▶ _Goal of the exercise_: When you write out the listing, keep every character and omit the pictures.

▶ _Data extract_:
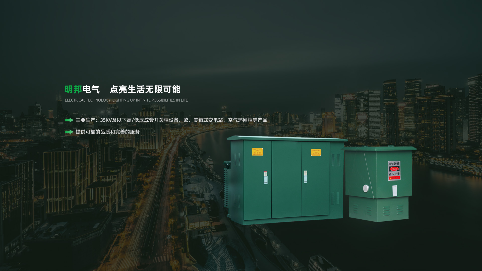 公司產(chǎn)品包括:35kV及以下高/低壓成套開(kāi)關(guān)柜設(shè)備、歐、美箱式變電站、空氣環(huán)網(wǎng)柜、全絕緣環(huán)網(wǎng)柜、固體環(huán)網(wǎng)柜、預(yù)制艙箱式變電站、電力變壓器、10~35kV電纜分支箱、10~35kV以下戶內(nèi)外高壓元器件、TBBZ-10電容柜等高壓電器產(chǎn)品。
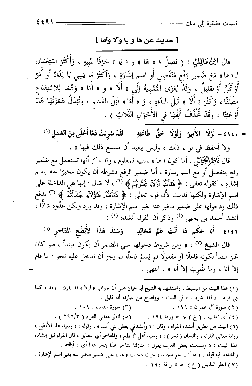 قال ناظر الجيش: أما كون «ها» للتنبيه فمعلوم، وقد ذكر أنها تستعمل مع ضمير رفع منفصل أو مع اسم إشارة، أما ضمير الرفع فشرطه أن يكون مخبرا عنه باسم إشارة، كقوله تعالى: ها أَنْتُمْ أُولاءِ تُحِبُّونَهُمْ (¬2)، لا يقال: إنها هي الداخلة على اسم الإشارة ولكنها قدمت لأن قوله تعالى: ها أَنْتُمْ هؤُلاءِ جادَلْتُمْ (¬3) يدفع ذلك ودخولها على ضمير مخبر عنه بغير اسم الإشارة، وقد ورد ولكن عدّوه شاذّا، أنشد أحمد بن يحيى (¬4) وذكر أن الفراء أنشده (¬5):
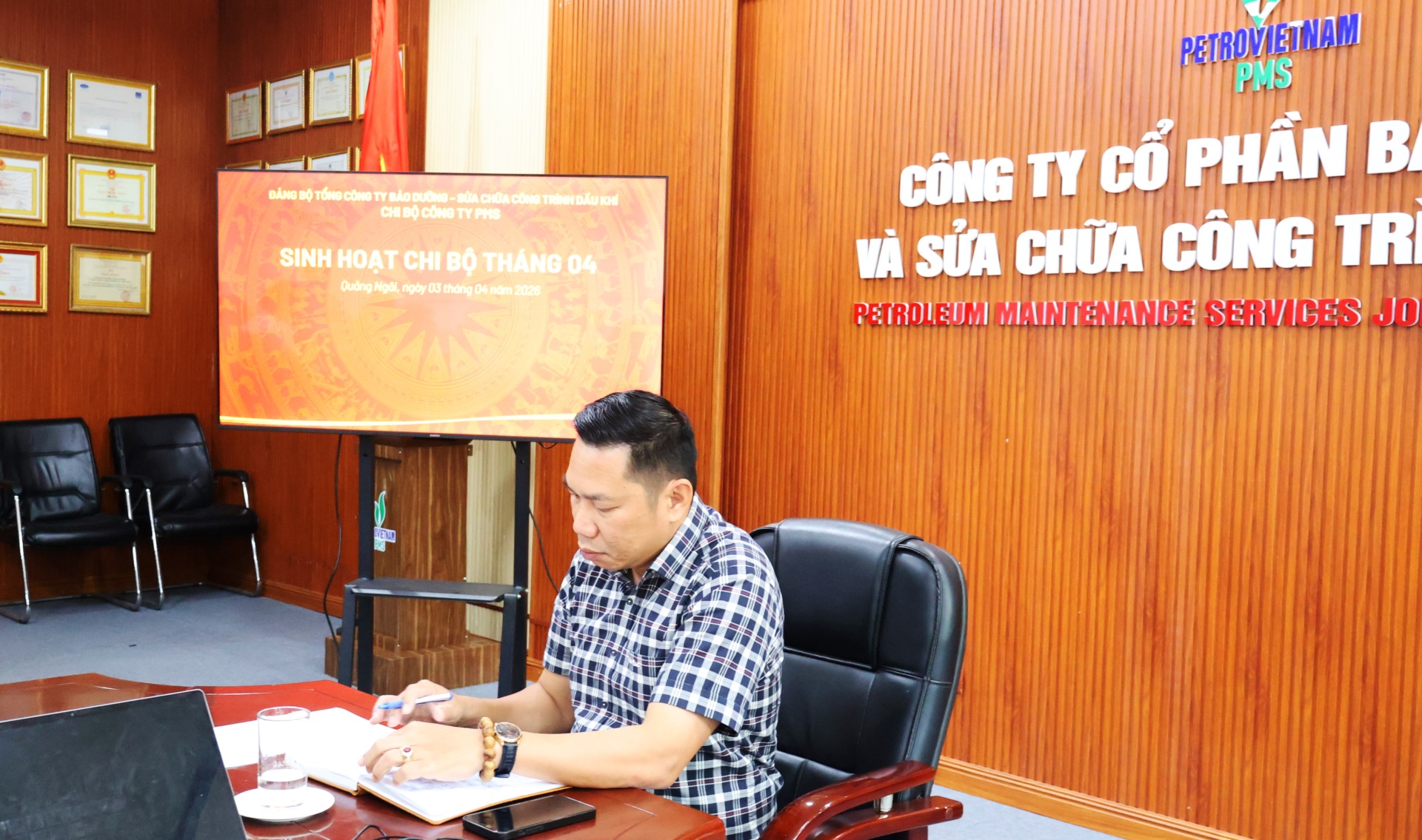 Thực hiện Chỉ thị số 50-CT/TW ngày 23/7/2025 của Ban Bí thư về tiếp tục đổi mới và nâng cao Chất lượng sinh hoạt chi bộ trong giai đoạn mới, Chi bộ Công ty PMS  tổ chức sinh hoạt định kỳ tháng 4/2026 với sự chủ trì của Đồng chí Ngô Tấn Quảng – Bí thư chi bộ và sự tham gia của các đảng viên trong Chi bộ.
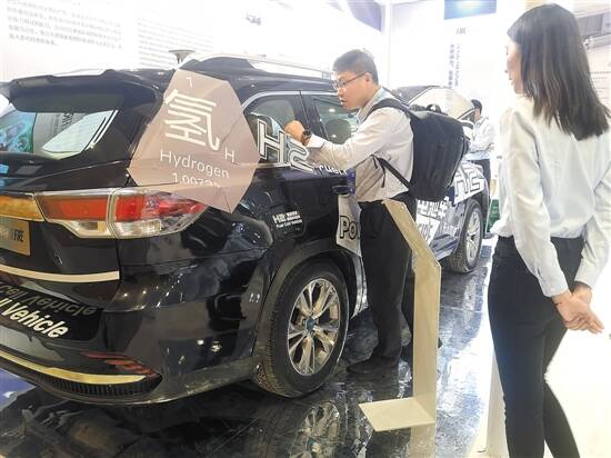 游客在观察氢能源汽车

▶ _Worked solution_:
 公司產(chǎn)品包括:35kV及以下高/低壓成套開(kāi)關(guān)柜設(shè)備、歐、美箱式變電站、空氣環(huán)網(wǎng)柜、全絕緣環(huán)網(wǎng)柜、固體環(huán)網(wǎng)柜、預(yù)制艙箱式變電站、電力變壓器、10~35kV電纜分支箱、10~35kV以下戶內(nèi)外高壓元器件、TBBZ-10電容柜等高壓電器產(chǎn)品。
 قال ناظر الجيش: أما كون «ها» للتنبيه فمعلوم، وقد ذكر أنها تستعمل مع ضمير رفع منفصل أو مع اسم إشارة، أما ضمير الرفع فشرطه أن يكون مخبرا عنه باسم إشارة، كقوله تعالى: ها أَنْتُمْ أُولاءِ تُحِبُّونَهُمْ (¬2)، لا يقال: إنها هي الداخلة على اسم الإشارة ولكنها قدمت لأن قوله تعالى: ها أَنْتُمْ هؤُلاءِ جادَلْتُمْ (¬3) يدفع ذلك ودخولها على ضمير مخبر عنه بغير اسم الإشارة، وقد ورد ولكن عدّوه شاذّا، أنشد أحمد بن يحيى (¬4) وذكر أن الفراء أنشده (¬5):
 Thực hiện Chỉ thị số 50-CT/TW ngày 23/7/2025 của Ban Bí thư về tiếp tục đổi mới và nâng cao Chất lượng sinh hoạt chi bộ trong giai đoạn mới, Chi bộ Công ty PMS  tổ chức sinh hoạt định kỳ tháng 4/2026 với sự chủ trì của Đồng chí Ngô Tấn Quảng – Bí thư chi bộ và sự tham gia của các đảng viên trong Chi bộ.
 游客在观察氢能源汽车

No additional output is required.